How Healthcare Mergers Affect Patients

 

There is an increasing trend occurring in the healthcare industry that should concern all Americans. Hospitals are consolidating, buying out their competitors. Healthcare insurers are consolidating, merging two or more companies into one. Pharmaceutical companies are doing the same thing.

Recently, Advocate Health Care and Aurora Health Care finalized their $11 billion merger deal to form the nations’ 10th largest tax-exempt healthcare system. Dignity Health and Catholic Health Initiatives are currently moving toward a $28 billion merger. These are hospital consolidation mergers.

Then there are healthcare providers insurers purchasing healthcare providers. Optum, a subsidiary of United Health Group, is purchasing DaVita Health Group, a large group of physicians and clinics, for nearly $5 billion. Medicare insurance giant Humana just bought the 22 clinic Family Physicians Group in Central Florida.

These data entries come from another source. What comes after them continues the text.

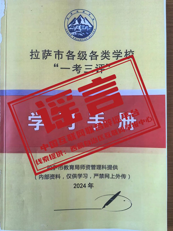 詳情:近期,西藏自治區拉薩市教育局接到教師反饋,稱有人以拉薩市教育局師資管理科名義,以50元/本的價格,售賣2024年《拉薩市各級各類學校“一考三評”學習手冊》。對此,拉薩市教育局發布辟謠聲明稱:我局2024年未印發“一考三評”學習手冊,未委托任何機構和個人以任何形式向教師售賣2024年《拉薩市各級各類學校“一考三評”學習手冊》。請廣大教師保持高度警惕,不信謠、不傳謠、不造謠,謹防上當受騙。(來源:“西藏舉報”微信公眾號、“拉薩教育”微信公眾號)
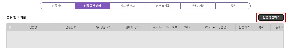“상품 옵션 관리” 탭을 선택한 후, 탭 바로 아래 우측에 있는 [옵션 생성하기] 버튼을 클릭하세요.
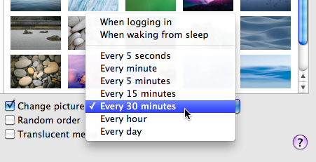 Mac’imizi her açtığımızda, Mac’imiz uyku modundan çıktığında, 5 saniyede bir, her saatte ya da her gün masaüstü resmimizin değişmesini seçebiliyoruz. Hemen altındaki ‘Random Order’ butonu seçtiğimiz taktirde de resimlerimiz rastgele bir sırada görüntüleniyor.
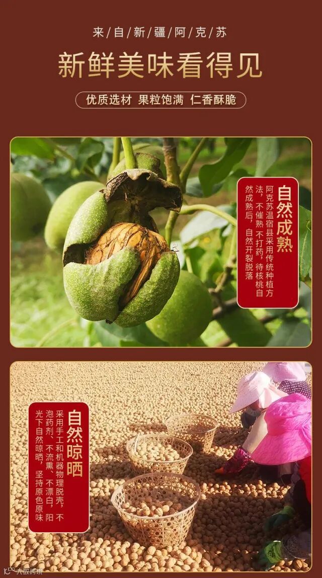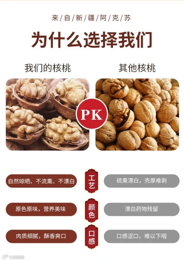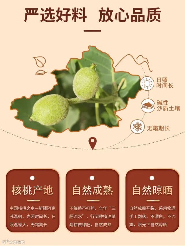 保存:由于核桃富含油脂,容易受潮变质,因此建议存放在干燥、阴凉处,以保持其酥脆口感

And then there is consolidation of insurers with pharmaceutical suppliers. Aetna is slowly but surely moving toward merger with CVS Health Corp. In a reverse of this move, Walmart is considering buying Humana.

According to a recent report by Kaufman Hall, mergers were up 13% last year. Bloomberg reports mergers are off to their fastest start ever in 2018. Over $156 billion in deals had been completed by the end of the first quarter alone.

When healthcare companies merge, what happens to patients?

Marni Jameson Carey, writing for Medical Economics, says this is driving up the cost of healthcare, especially for Medicare. She cites a recent report by Physician Advocacy Institute, that says hospitals buying doctors is the leading cause of rising Medicare expenses. Carey says, “Between 2012 and 2015, Medicare costs rose $3.1 billion due primarily to the 49 percent uptick in hospital-employed doctors that occurred over the same period. And that study only looked at four procedures. Imagine the tally if all procedures were accounted for.”

The impact on healthcare prices can be dramatic. Martin Gaynor, Carnegie Mellon economist, submitted a report entitled Examining the Impact of Healthcare Consolidation, to the Committee on Energy and Commerce Oversight and Investigations Subcommittee of the U.S. House of Representatives in February of this year. He says prices increase 20 to 30 percent when hospitals merge. In some cases they increase as much as 50 percent. He says this often leads to poorer healthcare outcomes for patients, especially in areas where there is less competition.

Here are some statements from his report:

  • The two largest insurers now have 70% of the market or more in ½ of all local insurance markets.
  • 33% of all physicians and 44% of all primary care physicians are now employed by hospitals
  • Extensive research evidence shows that consolidation between close competitors leads to substantial price increases for hospitals, insurers, and physicians, without offsetting gains in improved quality or enhanced efficiency.

 

If your doctor retired recently, as mine did, you probably had difficulty finding a new primary care physician who was not employed by a hospital. This is a trend that bodes poorly for future healthcare outcomes and costs. Competition leads to lower prices and higher quality. Lack of competition can be expected to produce the opposite.